1930s >> 1936 >> no-384-august-1936

Does Genius Come from Unhappiness?

Genius comes from unhappiness! So reads a headline in an article in the Liverpool Evening Express. The grounds for this amazing assertion, you ask? The only reason given by the author of the article in question is that ”the great geniuses of the world have been far from happy men.” One naturally asks whether, had they been happy, they might not have been even greater geniuses.

The author adopts the expedient of quoting selected instances in support of his assertion, but many other selected instances could be quoted in opposition.

Before we start talking about genius, it might be of interest to understand what is generally meant by this term, and for this purpose the following definition from the Encyclopaedia Britannica (14th, 1929, edition) will be of assistance : —

   “Genius itself has become the regular English word for the highest conceivable form of original ability, something altogether extraordinary and beyond even supreme educational prowess, and differing in kind, apparently, from “talent,” which is usually distinguished as marked intellectual capacity, short only of the inexplicable and unique endowment to which the term ‘genius’ is confined.”

The greatest instance of genius given by Mr. Charles Carter, the author in question, is that of Michelangelo—sculptor, painter, architect, military engineer, and poet. Yet the only instance of unhappiness given here is the fact that he was “unhappy” because he was not able to devote as much time as he would have liked to one of his favourite works—the tomb of Julius II. Yet obviously his genius had become apparent and was recognised long beforehand, so it might almost be argued from the evidence given by Mr.

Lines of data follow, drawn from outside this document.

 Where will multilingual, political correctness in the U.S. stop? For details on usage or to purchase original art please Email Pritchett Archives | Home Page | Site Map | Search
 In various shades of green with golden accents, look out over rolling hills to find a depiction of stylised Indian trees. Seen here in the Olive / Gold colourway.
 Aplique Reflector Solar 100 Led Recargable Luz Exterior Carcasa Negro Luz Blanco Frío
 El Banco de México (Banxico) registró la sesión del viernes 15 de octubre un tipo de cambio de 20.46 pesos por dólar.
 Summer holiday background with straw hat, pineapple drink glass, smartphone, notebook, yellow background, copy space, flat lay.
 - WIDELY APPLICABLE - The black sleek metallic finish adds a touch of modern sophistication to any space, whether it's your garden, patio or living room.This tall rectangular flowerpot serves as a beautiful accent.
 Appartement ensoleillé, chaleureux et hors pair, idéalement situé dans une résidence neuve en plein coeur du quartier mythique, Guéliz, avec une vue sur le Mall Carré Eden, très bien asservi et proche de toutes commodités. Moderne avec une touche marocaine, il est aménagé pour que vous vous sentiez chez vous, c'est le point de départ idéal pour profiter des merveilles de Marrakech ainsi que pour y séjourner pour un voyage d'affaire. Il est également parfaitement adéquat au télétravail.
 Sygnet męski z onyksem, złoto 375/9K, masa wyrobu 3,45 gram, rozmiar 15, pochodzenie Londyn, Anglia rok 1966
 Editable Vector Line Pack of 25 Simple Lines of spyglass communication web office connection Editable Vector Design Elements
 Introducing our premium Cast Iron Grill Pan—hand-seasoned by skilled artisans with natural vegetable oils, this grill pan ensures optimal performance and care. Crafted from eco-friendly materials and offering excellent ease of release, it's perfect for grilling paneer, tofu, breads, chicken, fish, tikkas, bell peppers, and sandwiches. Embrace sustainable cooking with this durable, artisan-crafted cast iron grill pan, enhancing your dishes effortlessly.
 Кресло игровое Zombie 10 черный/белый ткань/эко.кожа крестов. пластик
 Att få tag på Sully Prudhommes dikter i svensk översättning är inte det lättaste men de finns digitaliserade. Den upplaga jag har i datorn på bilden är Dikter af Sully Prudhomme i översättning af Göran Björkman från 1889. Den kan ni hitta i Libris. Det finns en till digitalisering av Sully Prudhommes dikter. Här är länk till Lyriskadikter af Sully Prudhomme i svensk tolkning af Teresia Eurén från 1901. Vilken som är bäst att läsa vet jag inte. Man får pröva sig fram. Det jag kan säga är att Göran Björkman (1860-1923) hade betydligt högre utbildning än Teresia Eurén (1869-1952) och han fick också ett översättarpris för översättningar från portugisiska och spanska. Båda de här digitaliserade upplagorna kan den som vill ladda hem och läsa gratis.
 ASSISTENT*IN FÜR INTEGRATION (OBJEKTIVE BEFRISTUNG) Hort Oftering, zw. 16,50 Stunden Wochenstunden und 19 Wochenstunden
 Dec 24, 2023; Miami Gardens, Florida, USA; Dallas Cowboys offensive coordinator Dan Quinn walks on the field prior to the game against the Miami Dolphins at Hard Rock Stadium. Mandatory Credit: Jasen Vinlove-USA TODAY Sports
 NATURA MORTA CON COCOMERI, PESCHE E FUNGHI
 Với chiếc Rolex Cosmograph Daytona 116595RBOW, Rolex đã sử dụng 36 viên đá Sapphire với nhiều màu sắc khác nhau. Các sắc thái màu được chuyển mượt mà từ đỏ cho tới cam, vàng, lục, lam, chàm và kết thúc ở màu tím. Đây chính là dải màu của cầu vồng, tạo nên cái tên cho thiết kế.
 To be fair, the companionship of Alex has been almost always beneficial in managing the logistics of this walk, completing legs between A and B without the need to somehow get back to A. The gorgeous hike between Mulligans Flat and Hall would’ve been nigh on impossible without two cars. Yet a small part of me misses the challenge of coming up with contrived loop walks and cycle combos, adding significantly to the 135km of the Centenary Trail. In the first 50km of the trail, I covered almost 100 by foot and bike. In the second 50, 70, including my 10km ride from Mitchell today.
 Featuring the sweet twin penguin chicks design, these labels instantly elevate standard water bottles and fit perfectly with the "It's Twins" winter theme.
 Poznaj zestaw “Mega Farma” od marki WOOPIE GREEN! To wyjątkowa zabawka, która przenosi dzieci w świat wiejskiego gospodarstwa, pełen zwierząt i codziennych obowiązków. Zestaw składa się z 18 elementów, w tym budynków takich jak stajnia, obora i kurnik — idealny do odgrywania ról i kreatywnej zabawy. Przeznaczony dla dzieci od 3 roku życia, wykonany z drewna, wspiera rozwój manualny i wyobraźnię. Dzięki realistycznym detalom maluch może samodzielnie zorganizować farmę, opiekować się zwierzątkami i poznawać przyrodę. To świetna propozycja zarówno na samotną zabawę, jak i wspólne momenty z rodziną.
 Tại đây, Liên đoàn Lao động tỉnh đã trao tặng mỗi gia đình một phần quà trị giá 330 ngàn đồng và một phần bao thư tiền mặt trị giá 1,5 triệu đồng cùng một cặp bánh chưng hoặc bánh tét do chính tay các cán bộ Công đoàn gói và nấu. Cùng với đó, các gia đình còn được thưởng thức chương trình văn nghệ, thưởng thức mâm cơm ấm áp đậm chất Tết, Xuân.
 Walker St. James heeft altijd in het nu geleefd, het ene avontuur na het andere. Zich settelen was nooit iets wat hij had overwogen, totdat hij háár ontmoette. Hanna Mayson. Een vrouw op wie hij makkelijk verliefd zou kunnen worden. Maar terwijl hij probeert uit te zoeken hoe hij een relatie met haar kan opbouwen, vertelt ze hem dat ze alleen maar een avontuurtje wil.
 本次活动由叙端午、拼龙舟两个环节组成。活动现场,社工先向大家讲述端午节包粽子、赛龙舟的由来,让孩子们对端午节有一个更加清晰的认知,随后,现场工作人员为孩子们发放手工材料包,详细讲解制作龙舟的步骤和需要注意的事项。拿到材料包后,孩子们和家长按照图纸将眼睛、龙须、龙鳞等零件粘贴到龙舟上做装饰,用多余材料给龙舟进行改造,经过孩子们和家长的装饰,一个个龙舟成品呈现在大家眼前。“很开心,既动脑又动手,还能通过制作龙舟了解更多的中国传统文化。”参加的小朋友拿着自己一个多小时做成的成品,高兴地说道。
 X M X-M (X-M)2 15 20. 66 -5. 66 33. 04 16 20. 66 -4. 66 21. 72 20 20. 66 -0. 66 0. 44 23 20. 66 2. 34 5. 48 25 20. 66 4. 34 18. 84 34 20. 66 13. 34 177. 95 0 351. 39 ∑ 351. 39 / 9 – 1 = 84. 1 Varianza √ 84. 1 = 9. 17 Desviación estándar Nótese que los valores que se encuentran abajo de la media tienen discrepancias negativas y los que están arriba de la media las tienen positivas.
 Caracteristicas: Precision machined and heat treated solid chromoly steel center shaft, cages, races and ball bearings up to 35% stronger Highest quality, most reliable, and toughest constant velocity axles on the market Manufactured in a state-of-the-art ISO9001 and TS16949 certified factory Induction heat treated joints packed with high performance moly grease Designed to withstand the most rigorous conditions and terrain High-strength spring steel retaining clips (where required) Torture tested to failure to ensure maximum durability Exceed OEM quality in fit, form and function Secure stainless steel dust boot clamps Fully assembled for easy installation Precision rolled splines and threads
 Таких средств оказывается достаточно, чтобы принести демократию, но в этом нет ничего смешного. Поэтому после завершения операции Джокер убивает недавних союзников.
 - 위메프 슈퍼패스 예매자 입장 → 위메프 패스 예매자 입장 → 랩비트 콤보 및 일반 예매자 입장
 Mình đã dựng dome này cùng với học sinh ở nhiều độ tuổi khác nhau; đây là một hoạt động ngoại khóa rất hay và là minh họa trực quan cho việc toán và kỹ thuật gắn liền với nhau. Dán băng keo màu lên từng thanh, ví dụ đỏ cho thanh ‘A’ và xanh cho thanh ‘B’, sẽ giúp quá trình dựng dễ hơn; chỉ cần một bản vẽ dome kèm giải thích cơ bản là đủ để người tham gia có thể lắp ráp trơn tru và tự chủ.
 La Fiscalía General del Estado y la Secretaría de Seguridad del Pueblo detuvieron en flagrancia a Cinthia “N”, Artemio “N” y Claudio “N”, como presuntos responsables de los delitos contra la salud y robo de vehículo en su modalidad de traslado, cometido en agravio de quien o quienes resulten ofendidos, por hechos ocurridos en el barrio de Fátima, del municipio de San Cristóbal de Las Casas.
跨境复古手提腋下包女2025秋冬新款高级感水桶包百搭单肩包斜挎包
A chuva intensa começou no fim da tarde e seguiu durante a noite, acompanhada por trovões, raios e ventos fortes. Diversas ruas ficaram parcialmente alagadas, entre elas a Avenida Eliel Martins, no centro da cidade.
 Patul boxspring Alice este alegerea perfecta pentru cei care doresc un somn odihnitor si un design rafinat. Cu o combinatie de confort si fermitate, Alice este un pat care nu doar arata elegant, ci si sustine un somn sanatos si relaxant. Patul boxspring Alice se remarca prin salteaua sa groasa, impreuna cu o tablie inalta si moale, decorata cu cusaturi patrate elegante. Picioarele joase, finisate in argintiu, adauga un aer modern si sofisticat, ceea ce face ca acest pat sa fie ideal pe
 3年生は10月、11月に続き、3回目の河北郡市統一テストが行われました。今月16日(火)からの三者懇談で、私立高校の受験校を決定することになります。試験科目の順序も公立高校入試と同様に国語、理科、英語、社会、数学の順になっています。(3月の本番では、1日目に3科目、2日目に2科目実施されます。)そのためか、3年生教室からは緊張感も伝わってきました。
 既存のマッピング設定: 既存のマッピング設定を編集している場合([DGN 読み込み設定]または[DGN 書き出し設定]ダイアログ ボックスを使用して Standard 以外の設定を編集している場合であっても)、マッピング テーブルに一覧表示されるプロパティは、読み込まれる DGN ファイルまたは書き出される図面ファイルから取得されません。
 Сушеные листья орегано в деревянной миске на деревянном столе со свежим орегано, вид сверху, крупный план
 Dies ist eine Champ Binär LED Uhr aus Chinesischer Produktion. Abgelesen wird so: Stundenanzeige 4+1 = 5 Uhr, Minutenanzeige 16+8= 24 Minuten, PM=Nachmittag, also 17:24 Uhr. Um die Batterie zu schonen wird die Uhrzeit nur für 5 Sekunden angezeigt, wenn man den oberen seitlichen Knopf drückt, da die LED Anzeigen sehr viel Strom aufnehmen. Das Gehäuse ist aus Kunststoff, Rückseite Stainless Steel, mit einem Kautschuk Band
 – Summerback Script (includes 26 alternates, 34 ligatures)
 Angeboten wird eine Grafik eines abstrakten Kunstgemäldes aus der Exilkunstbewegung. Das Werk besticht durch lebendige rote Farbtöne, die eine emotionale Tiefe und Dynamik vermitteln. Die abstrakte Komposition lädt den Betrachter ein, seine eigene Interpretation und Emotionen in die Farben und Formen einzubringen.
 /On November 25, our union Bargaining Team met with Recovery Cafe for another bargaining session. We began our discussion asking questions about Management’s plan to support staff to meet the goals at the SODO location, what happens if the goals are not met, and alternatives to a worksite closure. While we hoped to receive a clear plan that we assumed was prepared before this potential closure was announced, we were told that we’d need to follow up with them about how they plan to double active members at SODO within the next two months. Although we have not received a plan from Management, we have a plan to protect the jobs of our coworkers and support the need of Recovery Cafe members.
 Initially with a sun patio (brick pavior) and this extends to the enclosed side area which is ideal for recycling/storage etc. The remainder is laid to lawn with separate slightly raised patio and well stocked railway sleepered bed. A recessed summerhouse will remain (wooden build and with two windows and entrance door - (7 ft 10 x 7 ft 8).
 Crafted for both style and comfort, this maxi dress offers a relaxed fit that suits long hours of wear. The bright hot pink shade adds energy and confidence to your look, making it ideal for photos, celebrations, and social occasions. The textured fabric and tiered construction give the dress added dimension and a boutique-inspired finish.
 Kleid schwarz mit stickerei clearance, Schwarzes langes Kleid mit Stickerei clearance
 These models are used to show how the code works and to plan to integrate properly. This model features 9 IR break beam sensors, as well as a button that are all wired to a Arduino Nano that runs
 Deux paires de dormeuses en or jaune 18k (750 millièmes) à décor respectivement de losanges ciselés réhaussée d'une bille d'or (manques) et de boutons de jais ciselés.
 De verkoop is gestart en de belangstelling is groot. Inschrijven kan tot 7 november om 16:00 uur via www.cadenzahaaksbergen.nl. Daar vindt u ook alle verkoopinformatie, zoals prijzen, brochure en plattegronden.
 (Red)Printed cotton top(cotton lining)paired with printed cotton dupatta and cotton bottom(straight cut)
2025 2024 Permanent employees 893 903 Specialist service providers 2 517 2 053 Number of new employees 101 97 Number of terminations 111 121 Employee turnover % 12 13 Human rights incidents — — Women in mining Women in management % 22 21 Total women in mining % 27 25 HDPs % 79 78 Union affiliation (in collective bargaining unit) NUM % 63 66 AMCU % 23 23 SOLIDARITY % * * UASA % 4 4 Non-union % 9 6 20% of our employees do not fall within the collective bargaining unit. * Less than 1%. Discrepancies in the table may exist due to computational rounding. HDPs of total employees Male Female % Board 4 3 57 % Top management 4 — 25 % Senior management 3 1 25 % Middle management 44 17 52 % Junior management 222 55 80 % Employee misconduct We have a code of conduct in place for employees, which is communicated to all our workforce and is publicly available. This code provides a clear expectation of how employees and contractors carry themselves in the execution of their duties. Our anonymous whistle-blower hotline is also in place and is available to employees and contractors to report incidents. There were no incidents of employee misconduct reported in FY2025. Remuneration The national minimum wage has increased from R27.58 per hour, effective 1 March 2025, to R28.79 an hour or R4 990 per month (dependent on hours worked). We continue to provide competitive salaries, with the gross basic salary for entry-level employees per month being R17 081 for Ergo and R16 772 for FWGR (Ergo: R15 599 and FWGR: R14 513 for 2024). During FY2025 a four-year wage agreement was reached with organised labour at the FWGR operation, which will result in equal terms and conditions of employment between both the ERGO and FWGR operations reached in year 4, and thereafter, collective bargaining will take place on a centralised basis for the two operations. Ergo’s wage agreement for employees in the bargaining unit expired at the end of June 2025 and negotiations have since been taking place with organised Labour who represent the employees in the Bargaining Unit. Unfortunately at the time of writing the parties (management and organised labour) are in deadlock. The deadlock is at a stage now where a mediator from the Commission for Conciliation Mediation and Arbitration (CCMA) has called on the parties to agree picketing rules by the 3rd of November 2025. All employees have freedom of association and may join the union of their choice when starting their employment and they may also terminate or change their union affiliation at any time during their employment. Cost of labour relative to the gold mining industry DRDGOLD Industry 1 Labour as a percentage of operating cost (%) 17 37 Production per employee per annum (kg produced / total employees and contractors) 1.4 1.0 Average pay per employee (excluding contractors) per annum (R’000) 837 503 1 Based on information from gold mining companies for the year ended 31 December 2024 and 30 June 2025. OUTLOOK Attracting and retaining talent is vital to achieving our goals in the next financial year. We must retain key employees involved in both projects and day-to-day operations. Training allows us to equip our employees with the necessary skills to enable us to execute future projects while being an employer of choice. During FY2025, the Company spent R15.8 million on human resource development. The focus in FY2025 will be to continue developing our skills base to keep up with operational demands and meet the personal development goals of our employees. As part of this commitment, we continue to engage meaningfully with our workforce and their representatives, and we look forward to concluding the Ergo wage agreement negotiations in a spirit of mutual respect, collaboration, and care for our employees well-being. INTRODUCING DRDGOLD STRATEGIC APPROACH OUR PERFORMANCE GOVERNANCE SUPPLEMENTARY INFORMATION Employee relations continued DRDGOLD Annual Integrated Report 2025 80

Charles Carter himself that it was Michelangelo’s own genius which caused his “unhappiness.” This would indeed appear to be the case, because it was the recognition of Michelangelo’s genius which caused the various potentates to quarrel over him.

Again, however, definition becomes necessary. What do we mean by happiness or unhappiness? Many attempts have been made to define happiness, but the writer ventures to put forward a definition of his own, for which, however, he does not claim any originality, namely, a condition of life in which the individual is able to give full scope to his mental and physical ability. Such a definition will explain the  unhappiness” of Michelangelo, but it does not follow that genius itself results from such unhappiness. It would perhaps be more correct to say that there is a tremendous variety in the make-up of individuals and that the physical factors which make for “genius” also makes for an incomplete fulfilment of the human organism in all its functions.

Possibly the simplest answer of all to the assertion that genius causes unhappiness is to point out that here are two conditions, viz., “genius” and “unhappiness,” and one might just as well argue that genius causes unhappiness as that unhappiness causes genius. The author has either fallen into the trap or deliberately adopted the cheap method of connecting two facts and assuming that the one is the cause of the other when both may, in fact, be due to some other cause.

To revert for a moment to the Encyclopaedia Britannica definition given above, it will be noticed that the main idea of genius is originality. When, however, we study originality in the light of historical development, we find that history generally records only those instances which have been useful to the ruling class at a particular epoch, or useful to a new rising class who are about to seize the reins of power. Not only that, but the nature of the originality itself depends upon the stage in economic development which any particular society has reached. We thus find that whilst Galileo was, in 1632, forced to recant his theories. Sir Isaac Newton’s great work, published only 55 years later, brought him honour and renown, he being knighted by Queen Anne in 1705. Whilst Galileo’s theories menaced the interest of the then dominant church, in Great Britain economic development had reached a stage further, and the new merchant capitalist class welcomed any discovery which seemed beneficial to their interests.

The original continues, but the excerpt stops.